В том, как абсолютно важно ограничиваться реально данным, фактически лежащим перед нами, меня убедила не только образцовость Вашей манеры работать, но и, шаг за шагом, психоаналитическая практика во время собственной работы. Потому что к самым сильным моим впечатлениям – никогда не устаревающим, всегда оживающим снова – относится то, что каждый раз весь психоанализ словно открывается заново, как будто он только становится событием, непосредственно пережитым в том, что наши субъективные добавления могли бы только умалить. Ядро того, что может стать для человека опытом, обнажается в точной, сдерживающей работе по удалению его обшивок, вместо них вновь надевается тонкая оболочка – чуждая, стирающая контуры, – при максимальном учитывании методики и техники, довольствующейся такой помощью, без высокомерного добавления от себя. Это постигается при размышлении о том, от чего кто-то заболел – от насильственной деятельности тех обшивок, которые преждевременно (как чересчур хорошее предохранение) нарастила ему власть взрослых и власть жизненных впечатлений и хотела спугнуть ими его внутренний мир обратно беспомощно в самого себя. Определение здоровья нельзя было бы перефразировать лучше, чем словами «природа не является ни ядром, ни оболочкой», или «что внутри, то и снаружи», – правда, совершенство интактности существует лишь в теоретических конструкциях, и нам, поистине, не нужно становиться невротиками и метаться из стороны в сторону для того, чтобы оказаться между снятием оболочки и вытаскиванием ядра, между опасностью ограждения от внешнего или выпадения в пустоту. Трудно представить, как иначе должны были бы вести себя имеющие влечения создания, одаренные сознательностью или обреченные быть сознательными (называйте, как хотите!), в происходящих с ними приключениях. Потому что у каждого, чем дальше, тем больше, изначальное инфантильное ожидание, еще путающее само себя с воплощением космоса, должно пережить разочарование, следовательно, прийти в искушение либо скрыть и вытеснить то полное ожиданий безмерное, либо отдаться ему вместо окружающей реальности.
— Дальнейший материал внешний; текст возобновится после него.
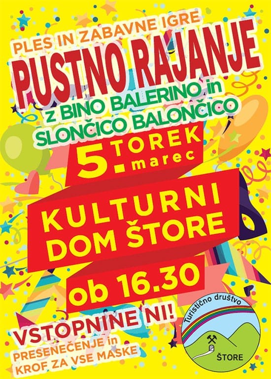 Torek, 5. marec 2019, ob 16.30. Kulturni dom Štore.

Любой невроз содержит эту часть самообмана, этот слишком рано удавшийся фокус подложной ориентации, утраченную экономию прямого, самого короткого пути, принятое приглашение пойти, казалось бы, более надежными окольными путями, уводящими все дальше в сторону. Любой невроз симулирует вожделенное соглашение внутреннего и окружающего мира, причем попеременно одно мнимо уступает место другому – освобождает место: обретают ли внутренние процессы такую консистентность, как если бы в них размещалась совокупная реальность, и за это все внешнее растворяется в призрачное ничто, или в превосходстве внешних процессов и их требований собственная сущностность видит себя беспомощно предоставленной страхам и сомнениям. Кто тут не вспомнит Ваше глубокое разъяснение «жуткого» как того, что выходит из вытеснений самого неблизкого нам, изначально самого интимного, и поэтому, как пугающе воздействующий revenant из положенного в гроб прошлого, должно призрачно скрывать то, что за ним стоят духи древнейших блаженств и ожиданий, от которых мы отказались. Именно жуткость распространяется для невротика на все переживание, пока эта смена места не выразится в головокружениях и заблуждениях, в которых «что внутри, то и снаружи» получило противоположный смысл. Потому что в умаления «здорового опыта реального», в трещины и пробелы, создающиеся в нем, тотчас втискиваются призрачные исправители пробелов, то рисуя поверхность там, где подстерегает кромешное ничто, то заставляя заподозрить последнюю путеводную нить, будто именно она ведет в непроходимое.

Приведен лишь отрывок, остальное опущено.